Vietnam’s tax policies and customs regulations are currently being positively improved to meet changes in the socio-economy, and to support businesses during the implementation.
Bui Ngoc Tuan, tax partner of Deloitte Vietnam, shared with VIR some tax updates and matters enterprises would encounter in coming times.
In the draft law on Corporate Income Tax (CIT), the Ministry of Finance reduces the common tax rate to 23 per cent from the current level of 25 per cent. How do you assess this reduction?
The tax rate reduction would help business to retain more profit to rotate capital to earn more in the process of business and production.
It could make the state budget decrease in the short term. But in the long term, the tax contributions will be raised because thanks to tax reductions, enterprises would have more finances to expand business to generate more revenue and eventually derive more taxable income. Vietnam’s CIT rate is flat and somehow higher than some other countries in the region.
However, it is noticed that in developed countries with lower tax rate, the compliance of legal regulations by tax payers is really good and the tax system is very transparent; therefore, despite the low tax collection, they still ensure adequate collection for the budget with fairly estimation.
Meanwhile in Vietnam, lower corporate profits and fiscal stimulus measures made budget collection lower than it was expected. Therefore, in recent years, to strengthen compliance status, the tax authorities had tended to apply a stronger enforcement to encourage taxpayer compliance and thus collect more tax arrears.
The draft law also raised the cap on Advertising and Promotion expense from 10 per cent to 15 per cent. Do you think it is reasonable or not, because previously many foreign invested enterprises proposed to remove this cap?

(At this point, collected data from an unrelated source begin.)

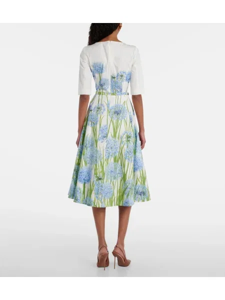 Oscar De La Renta Virágos térdig érő puplin midi ruha
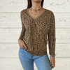 Stylisches langärmeliges Top mit V-Ausschnitt und Leopardenmuster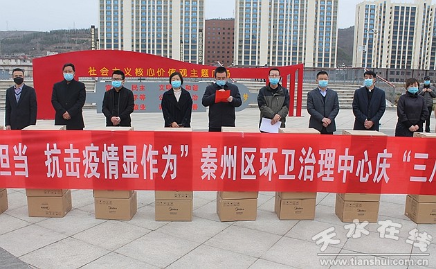 3月8日下午,在第110個(gè)三八婦女節(jié)到來(lái)之際,秦州區(qū)城鄉(xiāng)環(huán)衛(wèi)治理中心舉行“環(huán)衛(wèi)巾幗勇?lián)?dāng) 抗擊疫情顯作為”慶“三八”表彰慰問(wèn)活動(dòng)。

This positively shows the responsiveness of the Government and authorities upon hearing and observing the obstacles from applying tight tax policies in business community. We see this as a positive step towards the eventual full removal of the cap.
However, in the aspect of state management, the cap is necessary to ensure the budget collection and will restrict enterprises to take advantages of open policies to raise deductible costs to avoid tax obligation.
Recently, many big foreign invested enterprises are under tax scrutiny due to some signs of transfer pricing. What is your viewpoint about this matter?
In fact, transfer pricing is one of the most significant tax issues faced by taxpayers worldwide especially for multi-national companies. The matter is that whether or not transfer pricing structure is considered reasonable and acceptable in accordance with arms’ length basis, which would not cause any issue if the enterprises distribute/allocate profit fairly in each stage of their supply chain in comparison with other transactions in the market.
In some sectors with monopoly characteristics, the tax agency faced with more difficulties to inspect transfer pricing. Due to inadequate information and data system, and restricted connection with regional tax agencies, the tax agency had not had enough basis to prove the signs of transfer pricing.
The Law on Tax Administration will apply Advanced Pricing Agreement (APA) as a measure to restrict transfer pricing situation. Do you think this measure will be really effective?
I think in general, the application of APA is a good trend in anti- transfer pricing in Vietnam. However, an important point of APA is that it must be accepted by the tax authorities prior for the parties to implement the transactions, while it is very difficult to define whether APA is reasonable or not. Therefore, for APA to work efficiently in Vietnam, it requires much time and the synchronization of related legal regulations and frameworks.
What do you think about accounting firms’ responsibility in anti-transfer pricing?
Actually the accounting firms do not help enterprises to dodge tax. If we see in the positive aspect, developing a good transfer pricing structure would help optimizing profit generated in each stage of supply and value chain. Specifically, for enterprises working with foreign related parties, accounting firms will support them to structure operating/business model to determine appropriate profit level in each stage, each country, or each sector to support them making right decision.